In recent months, there have been policy conversations percolating on Capitol Hill that call into question the expenditures of private family foundations. Specifically, there have been questions about (and subsequent policy proposals to address) a possible abuse in family foundation expenditures as it relates to administrative expenses (i.e., salaries, travel expenses, etc.) that are incurred by employed family members or descendants of the original donor(s). To investigate this, data on private foundation spending was collected and analyzed to assess whether there were significant differences between overhead expenses of family versus non-family foundations.
This study examines the ratio of charitable administrative expenses to qualifying distributions for private family foundations versus private independent (nonfamily) foundations. This ratio measures a foundation’s expenditures for charitable administrative expenses relative to its total expenditures for directly carrying out a charitable purpose (“qualifying distributions,” which include grants plus charitable administrative expenses). This paints a picture of how much a given foundation spends on salaries and benefits, office space, etc., as a percentage of total charitable expenditures. For example, if in a given year a foundation made $1,000,000 in qualifying distributions and spent $100,000 on charitable administrative expenses, its ratio would be 10%.
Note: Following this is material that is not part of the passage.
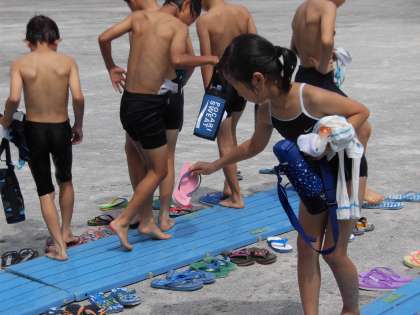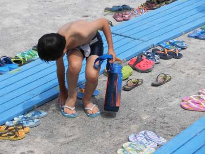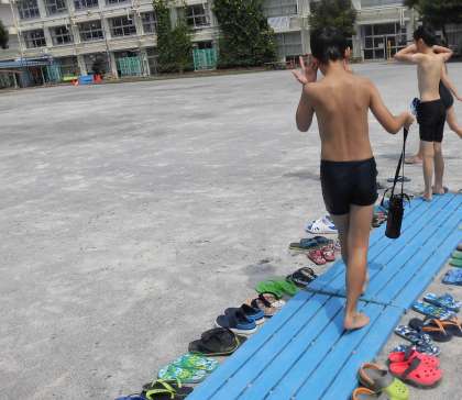 各地で高温が続く日本列島。水泳学習の際も熱中症への対策を行いながら実施しました。教室での指導体制を整え、検定が終わった子供たちから教室に戻りました。1学期最後の学習ですから、本来はしっかりと終わりのあいさつを行いたいところでしたが、子供たちの安全を最優先しました。プールサイドにも水筒を持っていきました。3・4年生が1学期最後の水泳学習を無事に終えることができ、ほっと安心しました。水筒持参のご協力ありがとうございました。

The average administrative expense ratio among family foundations analyzed was 11%, whereas the average ratio among independent foundations analyzed was 15%.
Methodology:
The data set used in this study is comprised of information independently collected from the publicly available 2018 Form 990-PFs of 40 foundations: 20 family foundations and 20 independent foundations. The year 2018 was selected because it is the most recent year in which Form 990-PFs were available for all 40 foundations.
Classification as a family foundation versus an independent foundation is based on the composition of the board of trustees of each foundation in 2018. The investigation of familial relation between those board members and the original donor(s) is based on publicly available information from the foundation’s website, news articles and public biographies of the individuals. Furthermore, with the intent of capturing the best representation of private, non-operating foundations, all instances involving outlier operating circumstances (i.e., the execution of a “spend down” plan or other situations that may significantly alter typical spending practices) were excluded from the data set.
Findings:
The average administrative expense ratio among family foundations analyzed was 11%, whereas the average ratio among independent foundations analyzed was 15%. Thus, the family foundations analyzed in this study spend, on average, a smaller share of their total expenditures on administrative expenses compared to qualifying distributions than the independent foundations in this study.
The family foundation data set further illustrated a downward trend in the distribution of ratios — meaning that more of these foundations had lower expense ratios. The ratios among independent foundations were less evenly distributed and demonstrated no clear trend (see Figures 3 and 4 in the full report).
Ultimately, the data in this study do not suggest widespread misuse of foundation funds by family foundations for administrative expenses.